### Task brief
Reproduce exactly the line containing "боковые стойки имеют" and each line after it until the listing ends, leaving pictures out.

### Supplied information

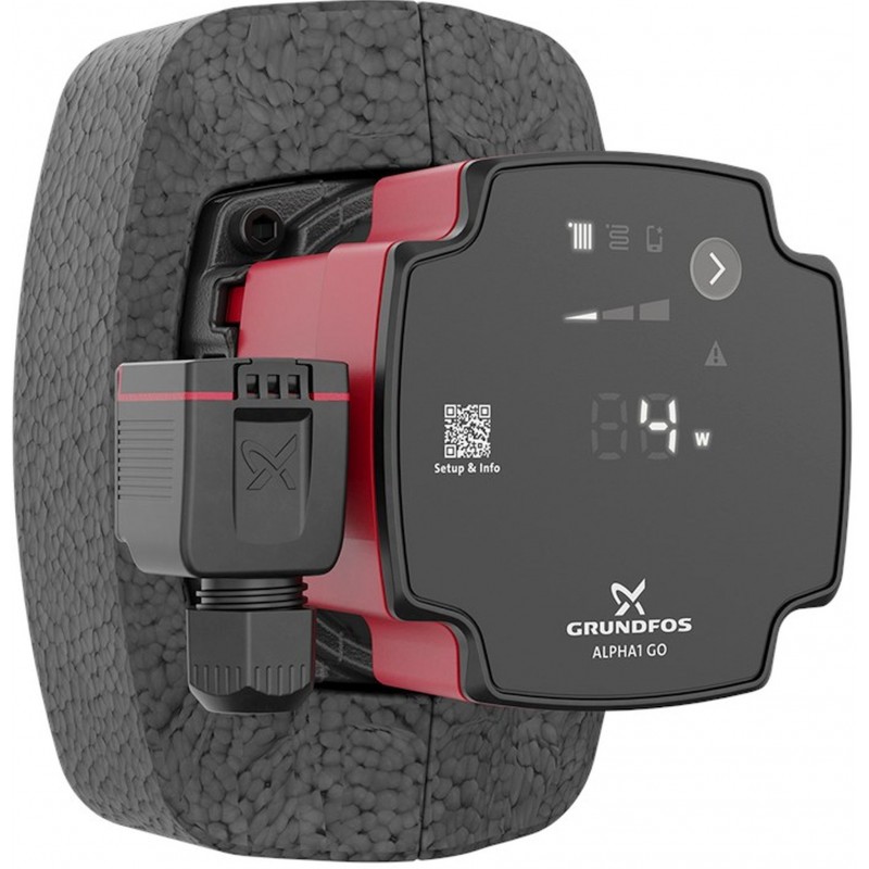 Kompatibilita a výměna: ALPHA1 GO je navrženo pro výměnu čerpadel Grundfos UPS integrovaných v kotlích a sestavách. Umožňuje replikaci křivek původního čerpadla pomocí aplikace Grundfos GO a je vhodné jako náhrada většiny samostatných čerpadel. Kompatibilitu se starším čerpadlem ověříte v aplikaci Grundfos GO.
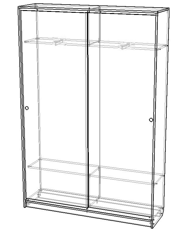 боковые стойки имеют скос под плинтус, между антресольными и цокольными полками имеются перегородки, средняя часть шкафа единая (без перегородки)
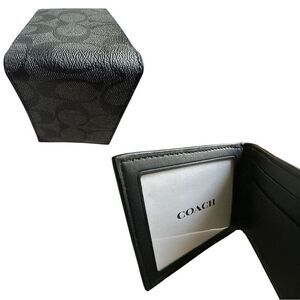 Elevate your essentials with this Coach Signature Black Bifold Wallet, crafted from high-quality coated canvas and smooth leather. Featuring the iconic Coach monogram print, this stylish and functional wallet is perfect for everyday use.

### Response below
 боковые стойки имеют скос под плинтус, между антресольными и цокольными полками имеются перегородки, средняя часть шкафа единая (без перегородки)
 Elevate your essentials with this Coach Signature Black Bifold Wallet, crafted from high-quality coated canvas and smooth leather. Featuring the iconic Coach monogram print, this stylish and functional wallet is perfect for everyday use.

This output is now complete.